#### Material for this task
----------------
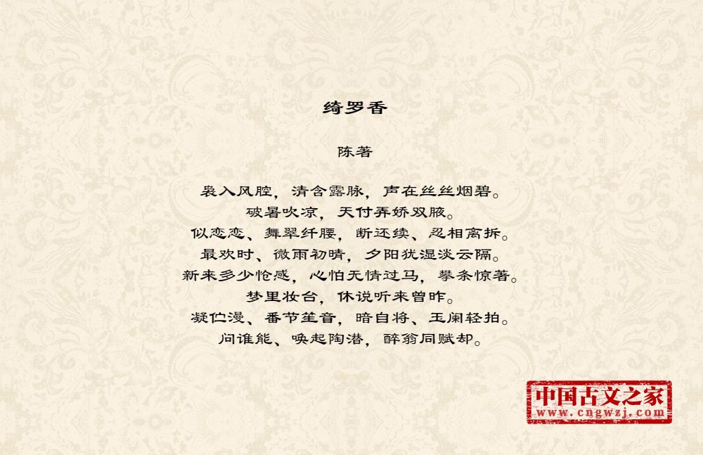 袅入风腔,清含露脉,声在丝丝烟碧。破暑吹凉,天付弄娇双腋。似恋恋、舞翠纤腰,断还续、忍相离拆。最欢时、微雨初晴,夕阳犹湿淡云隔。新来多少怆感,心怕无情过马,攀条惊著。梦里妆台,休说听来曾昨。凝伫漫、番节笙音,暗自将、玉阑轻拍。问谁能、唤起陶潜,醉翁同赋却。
----------------
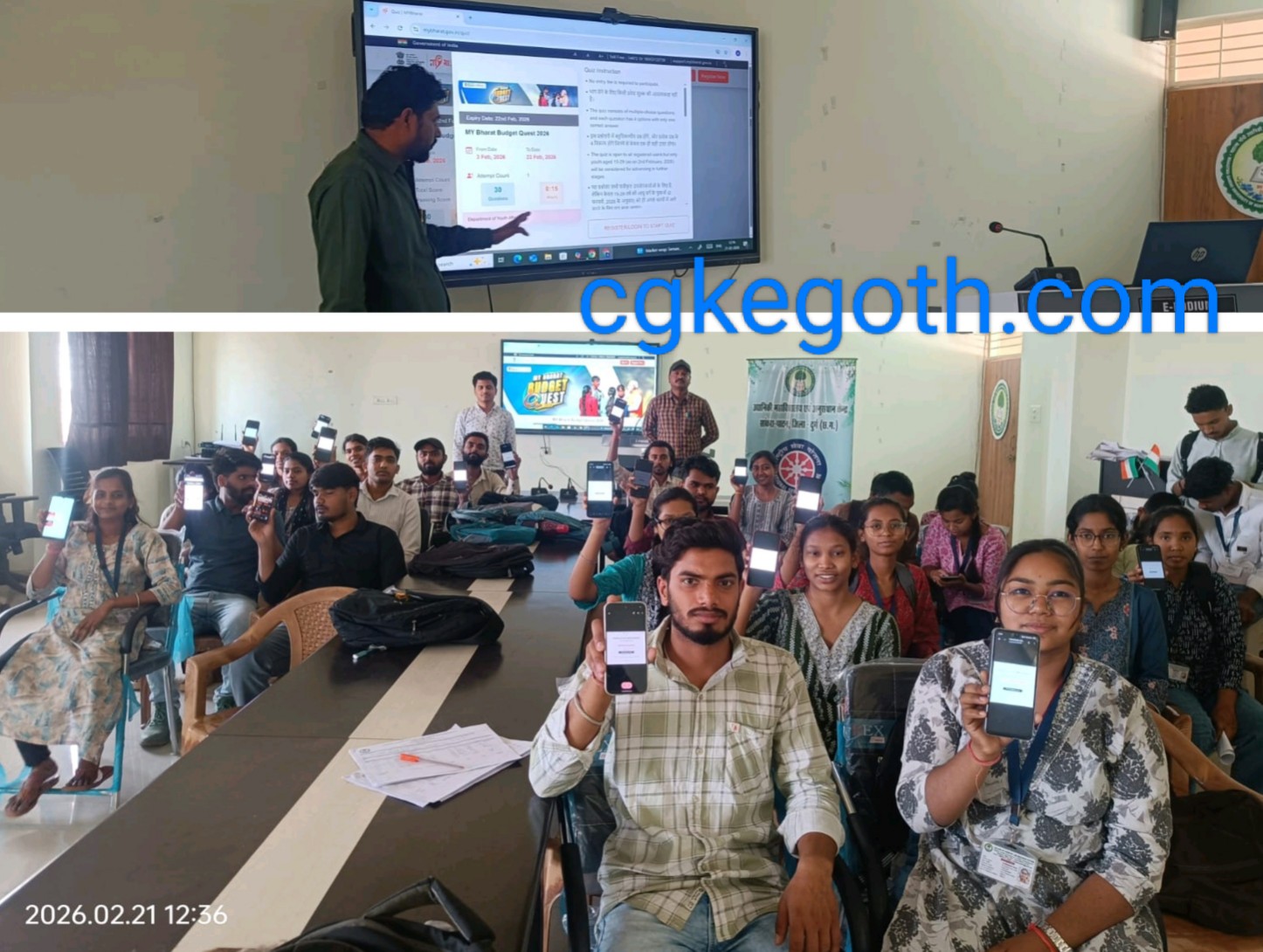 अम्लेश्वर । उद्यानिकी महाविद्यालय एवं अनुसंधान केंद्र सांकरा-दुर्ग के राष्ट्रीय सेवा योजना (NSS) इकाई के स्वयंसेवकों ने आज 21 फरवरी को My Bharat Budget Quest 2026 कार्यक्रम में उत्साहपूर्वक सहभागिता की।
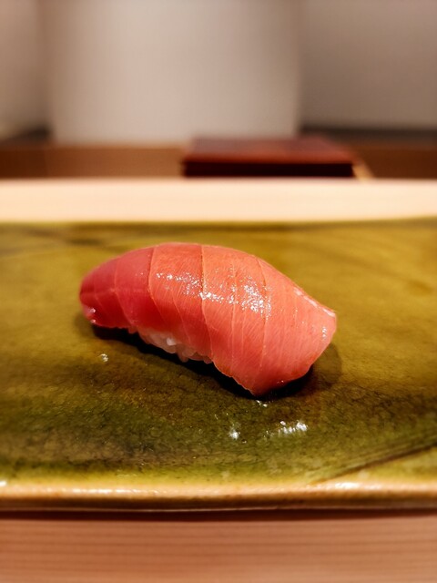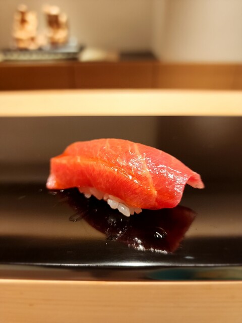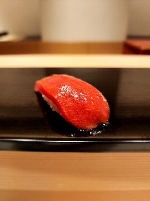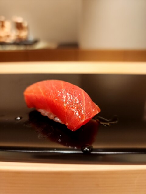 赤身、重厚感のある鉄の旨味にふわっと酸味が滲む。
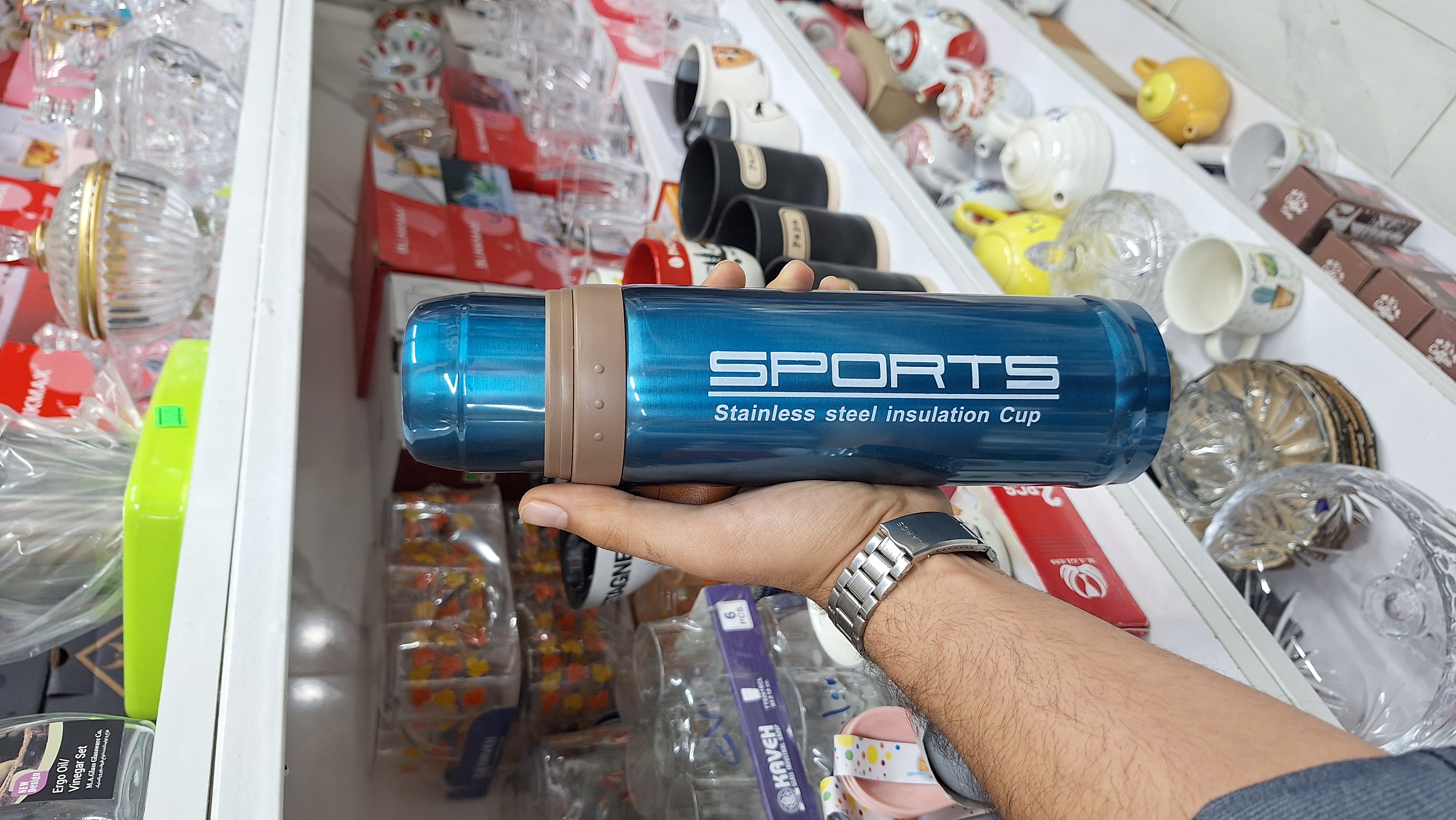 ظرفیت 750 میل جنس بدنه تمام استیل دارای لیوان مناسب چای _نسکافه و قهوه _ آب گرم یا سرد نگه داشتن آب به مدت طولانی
----------------
#### What is being asked
A word-for-word reproduction is needed of the lines above from the line containing "赤身、重厚感のある鉄の旨味にふわっと酸味が滲む。" through the line containing "ظرفیت 750 میل", with both ends kept and no pictures.

#### Solution for this task
 赤身、重厚感のある鉄の旨味にふわっと酸味が滲む。
 ظرفیت 750 میل جنس بدنه تمام استیل دارای لیوان مناسب چای _نسکافه و قهوه _ آب گرم یا سرد نگه داشتن آب به مدت طولانی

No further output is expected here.